Reaction parameter and modified sensorimotor reaction method for assessment of functional potential of nervous system Текст научной статьи по специальности «Медицинские технологии»

DOI: 10.6084/m9.figshare.5230345

LCC - R858-859.7

REACTION PARAMETER AND MODIFIED SENSORIMOTOR REACTION METHOD FOR ASSESSMENT OF FUNCTIONAL POTENTIAL OF NERVOUS SYSTEM

Dmytro Shtofel, Serhii Kostishyn, Ksenia Navrotska, Serhii Zlepko, Serhii Tymchyk

Vinnytsia National Technical University, Vinnytsia, Ukraine

Address for correspondence: Dmytro Shtofel, Ph.D., Associate Professor

Institutional Affiliation: Department of Biomedical Engineering at Vinnytsia National Technical

University, Khmelnytske Shose 95, Vinnytsia, 21021

E-mail: shtofel@vntu.edu.ua

Abstract. The article deals with the evaluation of sensorimotor responses with a view to professional selection. For a comprehensive assessment of functional potential of the nervous system we proposed the integral reaction parameter and modified method for determining of sensorimotor reaction time, which uses additional stress factors. Our study of the experimental group of athletes and the reference group of respondents shows that the difference between the result of standard and modified methods may be a criterion for human stress tolerance simultaneously evaluating the functionality of neuromotor system.

Keywords: Sensorimotor reaction; Psychophysiological testing; Sensorimotor integration; Reaction parameter; Stress tolerance; Professional selection.

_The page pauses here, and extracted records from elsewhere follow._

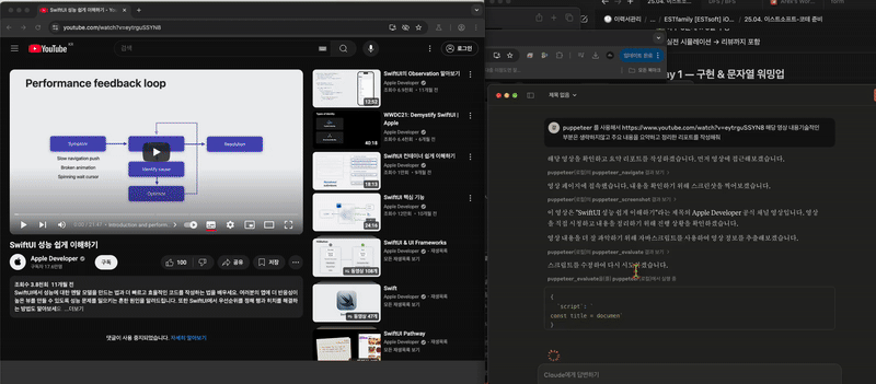 아래는 Puppeteer를 이용해 WWDC 유튜브 링크 내용을 요약해달라고 요청하는 예시입니다
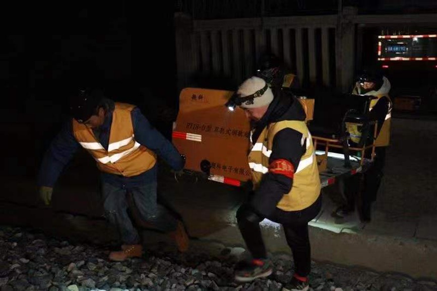 “大家?guī)Ш霉ぞ卟牧希瑴?zhǔn)備出發(fā)。”22時(shí)整,隨著作業(yè)負(fù)責(zé)人探傷工區(qū)工長羅布一聲令下,呼嘯的寒風(fēng)中,黃色的“迷你敞篷車”緩緩啟動(dòng),載著4名職工,開始了當(dāng)晚對拉林鐵路20多公里線路的探傷檢查任務(wù)。
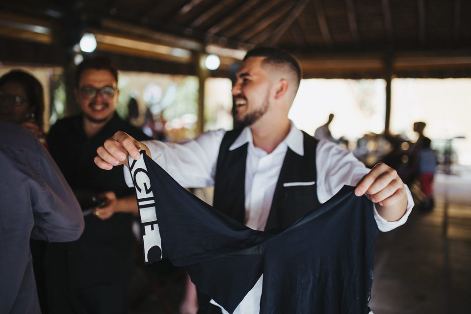 Assim foi com a Bruna e com o Diego, um casamento cheio de personalidade, estilo e identidade. Eles colocaram a identidade deles em todos os momentos, começando pela energia INCRÍVEL, mesmo se preparando cada um em um local havia uma conecção surreal, rolou muitas risadas e lágrimas, Diego mandou um buquê lindíssimo com uma cartinha escrita a mão, já Bruna enviou uma caixinha com um relógio bonitão com aquela cartinha escrita a mão que deixou o noivo chorando ao terminar de ler. E você ainda tem alguma dúvida que esse dia foi emocionante do começo ao fim ??
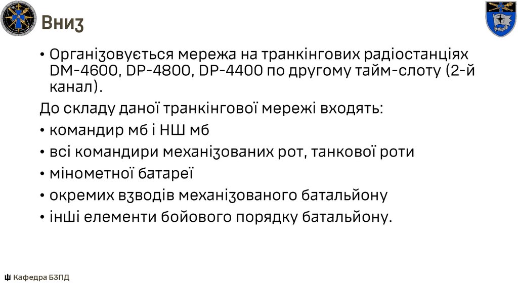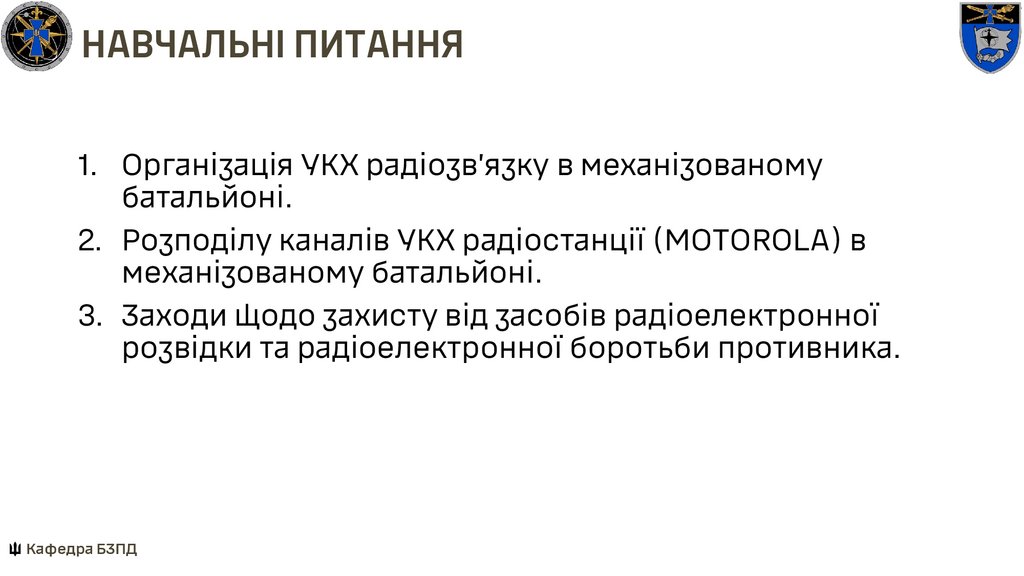 НАВЧАЛЬНІ ПИТАННЯ1. Організація УКХ радіозв’язку в механізованому
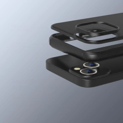 Pokrowiec składa się z elastycznej ramki z TPU i sztywnych plecków z PC. Ramka ułatwia zakładanie etui na telefon, a plecki usztywniają całą konstrukcję. Narożniki są ukształtowane w taki sposób, żeby działały jak zderzaki w samochodzie i absorbowały energię uderzenia. Podwyższone ranty dookoła tylnego aparatu i ekranu oddzielają te elementy od podłoża, na którym mogły by zostać porysowane.
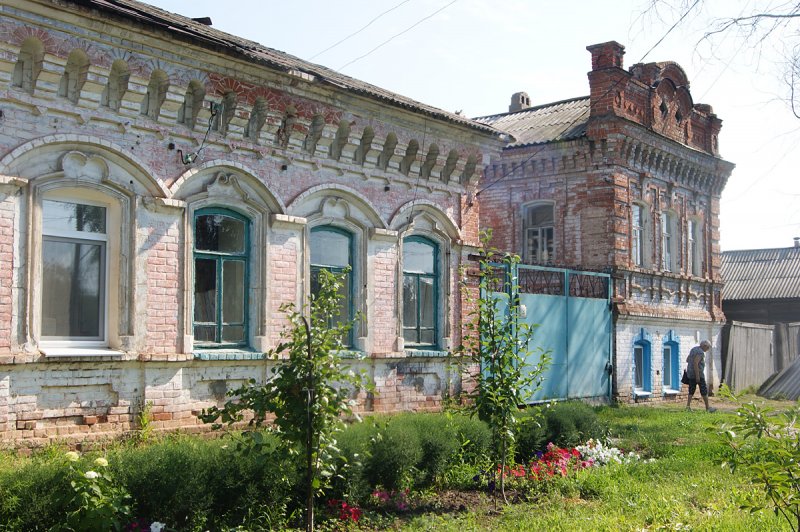 По улице Коммунистической от дома Мальцева идём на восток. Некоторые дома без ремонта и заброшены, например особняк Мамина в стиле модерн.
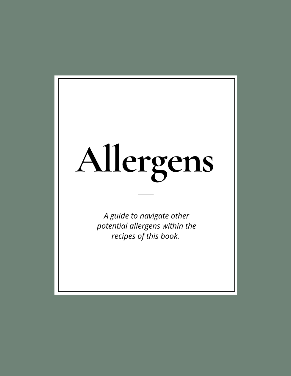 Unfortunately, Gluten isn’t the only allergy that needs to be navigated in today’s day and age - I have you covered!! Each cookbook comes with its own allergen guide that navigates additional allergens like; dairy, eggs, oats, nuts etc. You can check out the guide below.
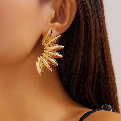 Orecchini di bigiotteria. Orecchini acciaio inossidabile con perno, raggi di sole specchiati.
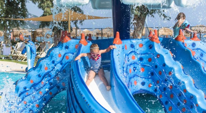 Lega: Največji in najbolj poznan hotelski kompleks na otoku Krfu se razprostira na zeleni ravnici tik ob eni izmed najbolj priljubljenih peščeno-prodnatih plaž na jugovzhodni obali otoka, ki se ponaša tudi z modro zastavico EU za urejenost in čistost. Do središča vasic Messonghi in Moraitika, kjer je mnogo trgovin, lokalov, tavern in barov, je le 500 m, do glavnega mesta otoka pa je 23 km.
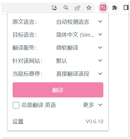 装好后,点击扩展工具栏中的插件图标,直接点击翻译就可以。
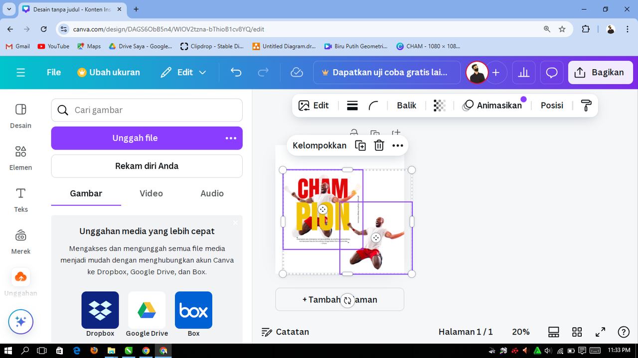 Selanjutnya saya akan letakkan bayangan tersebut ke belakang. Saya akan memilihkan posisi > mundur. Kemudian saya menambah tulisan "CHAM" dengan font "Anton", ukuran setelah saya sesuaikan adalah 236.
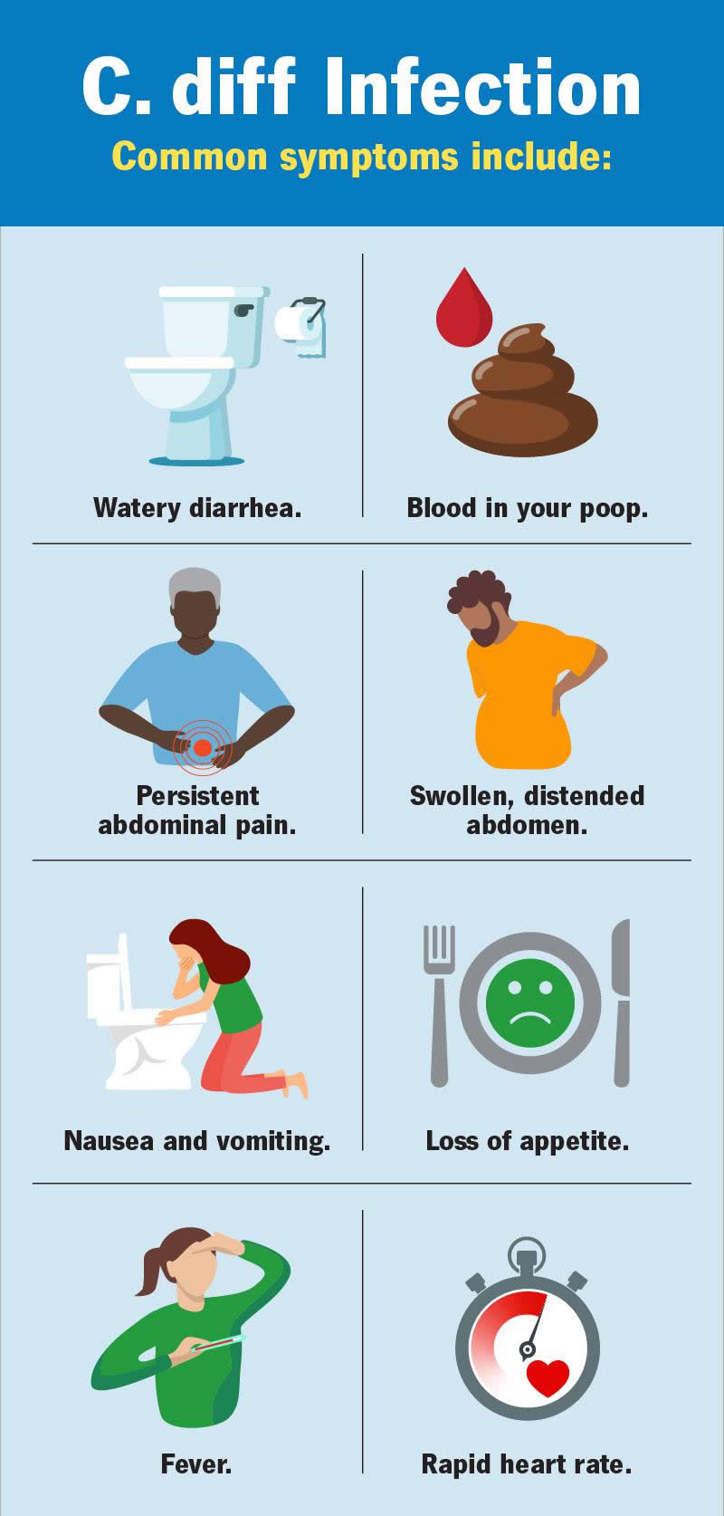 As C. diff infection becomes more severe, diarrhea increases. It may occur as much as 10 to 15 times a day. You may notice traces of blood in your poop or other symptoms, like:
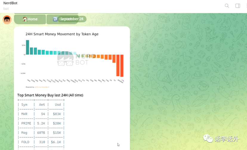 与上面提到的 TG 工具类似,你可以通过 Nerdbot 来查看指定钱包的交易行为。同时,你还可以向该机器人询问项目的资金流入情况,检查特定的智能合同等。
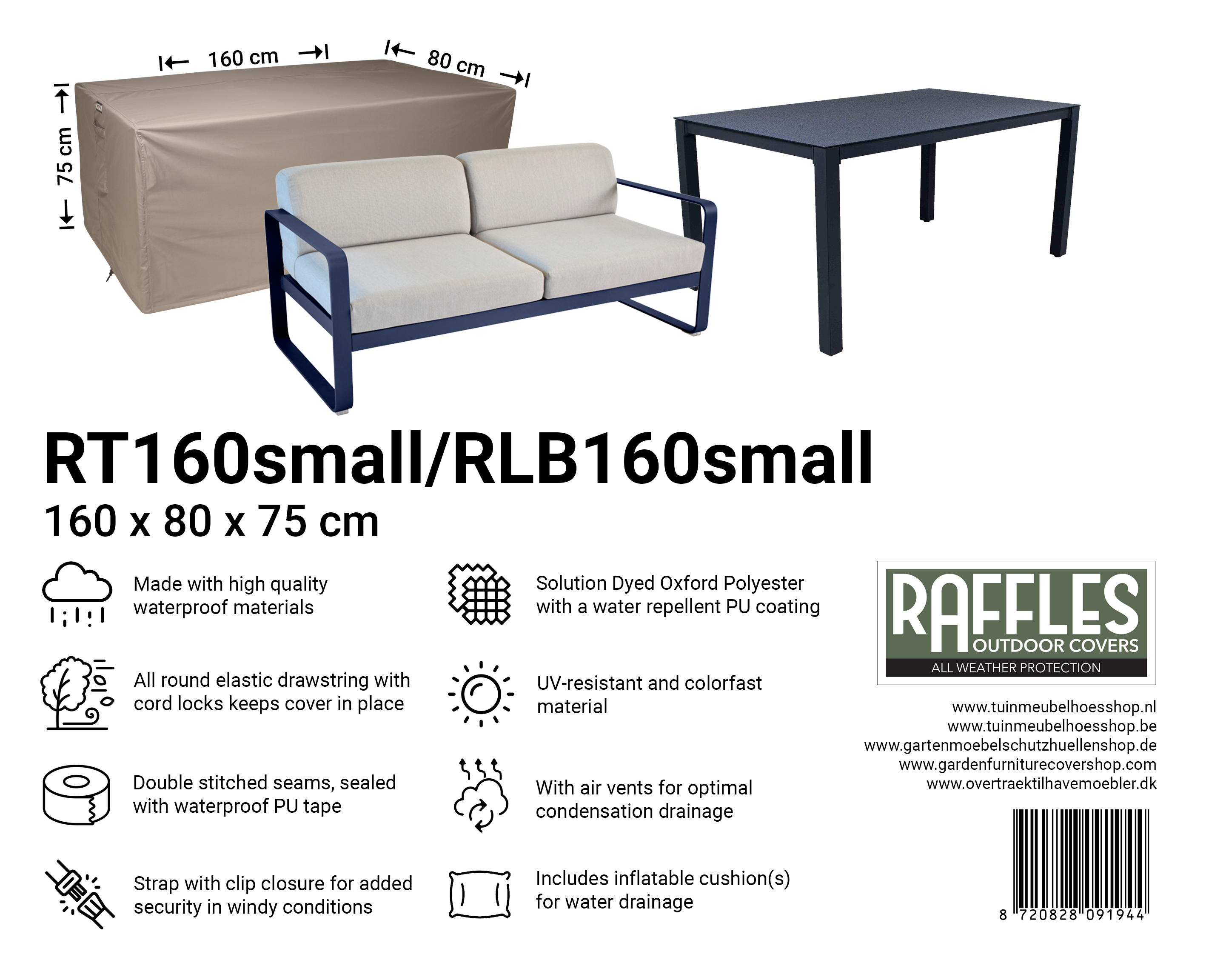 With the RT series garden table covers from Raffles Covers you can protect your garden table(s) all year round against rain, sun, dirt, green deposits, bird droppings and UV radiation. Whether you have a compact bistro table, a standard rectangular garden table or an extra-long XXL table, there is always a suitable cover so your table stays clean and is immediately ready for use.

Introduction. Sensorimotor reaction (SR) time is an importanf factor in different psycho-physiokogical examinations and research. It is used as: a) the psycho-physiological variable dependent on external impacts; b) the unit for determining individual differences in man or for assesment of functional state; c) the mean to analyze cognitive processes of man [1]. This information finds application in ergonomics, aerospace and underwater medicine, the physiology of work and sport, differential psychophysiology, and higher nervous activity investigations [2], medical diagnostics and professional selection. Selection is required if some kind of professional activity is related to the rapid perception and processing of large amount of external information, as well as the response to it. Therefore, the quality of such job performance (and usually general system safety and personal security of employee) depends on individual phycho-motor characteristics. Sensorimotor reaction time indexes may be a selection criterion for such positions as a driver, pilot, machinist, operator of complex technical devices and systems, dispatcher, police officer, Special Forces soldier, worker in extreme consitions and other.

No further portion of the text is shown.